Hi,
the problem is the mapping that you did between the message "thisEventStartMessageRequest" and "intfGetNameRequestMsg".
What you wanted to do, is pass the string that you provide when you call the process, to the message that you sent to the Hello webService.
But instead of that, you copied the message ( and not the string ) that you send to the process, to the message (and not only the myname attribute) that you send to the WS.
So the structure of the message that you send to your WS is actually incorrect.
But why would this throw a read time out exception ?
This is how your process is designed:
1- you send to process a string.
2- the process will send this string to your WS.
3- your webservice will answer the process.
4- your process will send you the answer of the webService.

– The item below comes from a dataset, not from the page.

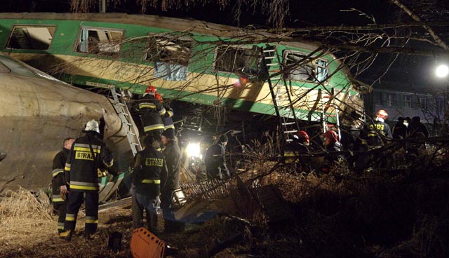 - 2 Kereta api bertabrakan di Szczechociny, Polandia, Minggu (4/3). 14 Orang tewas dan puluhan lainnya terluka.

S in step 2 you send an incorrect message, which cause the webService to return a fault answer to the process. the process then stops, and he will not reach step 4.
Since your client ( the tool with which you send a call to the process , and in this case it is the bpms-console) did not receive an answer from the process, he will throw a read time out error.
Ok now you understand what caused the behavior, but how would you know that by your self?First of all, if you look in the logs of the Axis2 where you are hosting your webservice, you will find something like this:
10:00:06,682 WARN [ExternalService] Fault response: faultType=(unkown)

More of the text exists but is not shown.